_WHAT YOU WILL DO_.
Return the full listing character for character, without its pictures.

_DATA EXCERPT_.
########################################

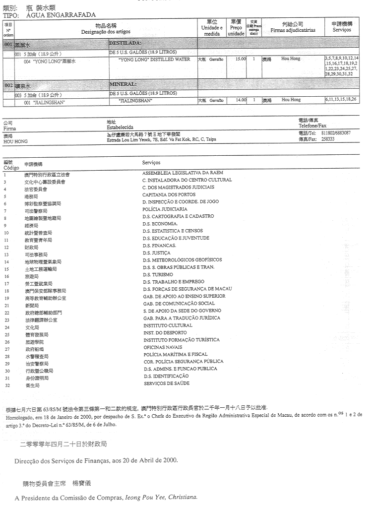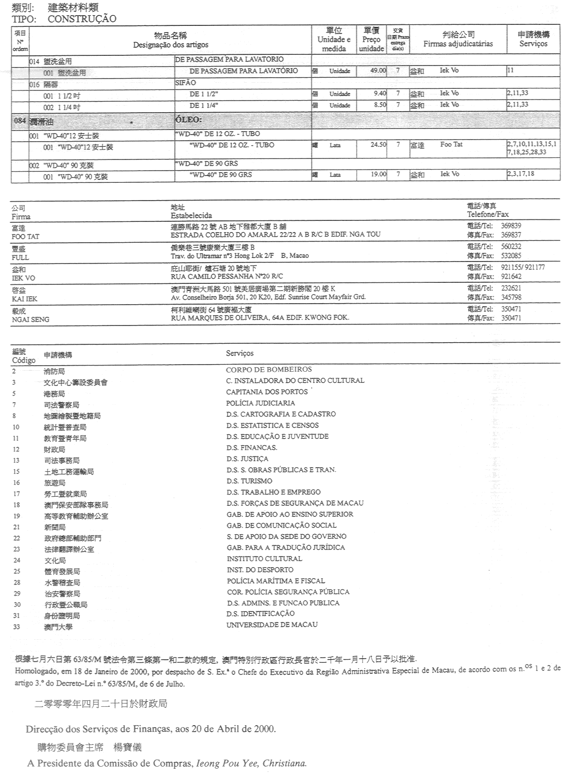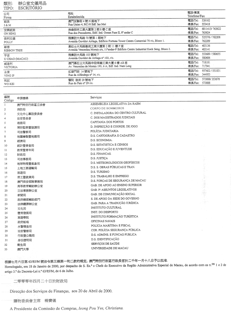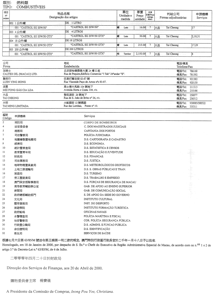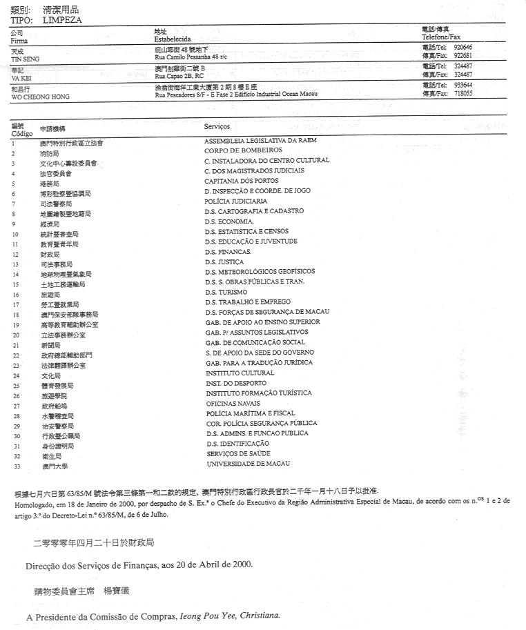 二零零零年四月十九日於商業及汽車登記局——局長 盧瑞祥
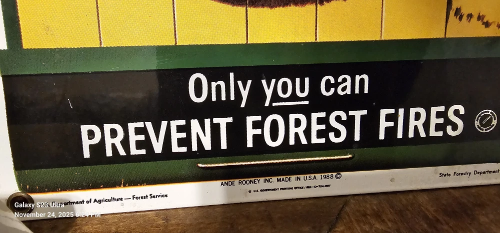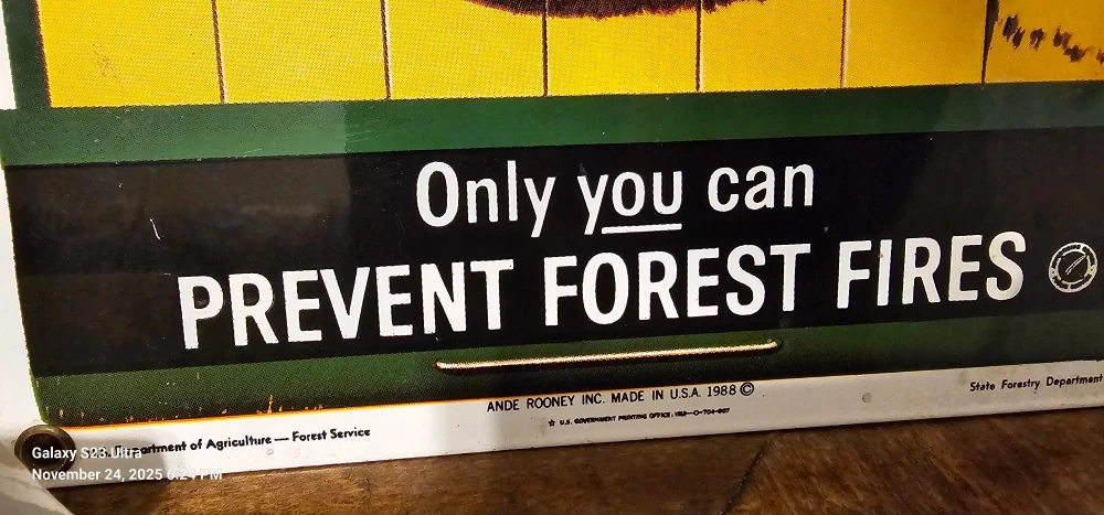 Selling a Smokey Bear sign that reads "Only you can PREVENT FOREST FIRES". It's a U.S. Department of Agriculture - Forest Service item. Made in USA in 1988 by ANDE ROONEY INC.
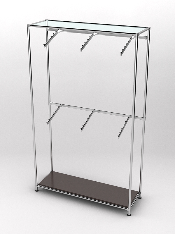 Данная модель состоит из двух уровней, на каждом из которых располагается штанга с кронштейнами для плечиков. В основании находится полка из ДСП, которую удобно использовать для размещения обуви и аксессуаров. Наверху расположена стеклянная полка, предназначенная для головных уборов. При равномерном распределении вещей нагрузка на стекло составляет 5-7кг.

########################################

_COMPLETED EXERCISE_.
 二零零零年四月十九日於商業及汽車登記局——局長 盧瑞祥
 Selling a Smokey Bear sign that reads "Only you can PREVENT FOREST FIRES". It's a U.S. Department of Agriculture - Forest Service item. Made in USA in 1988 by ANDE ROONEY INC.
 Данная модель состоит из двух уровней, на каждом из которых располагается штанга с кронштейнами для плечиков. В основании находится полка из ДСП, которую удобно использовать для размещения обуви и аксессуаров. Наверху расположена стеклянная полка, предназначенная для головных уборов. При равномерном распределении вещей нагрузка на стекло составляет 5-7кг.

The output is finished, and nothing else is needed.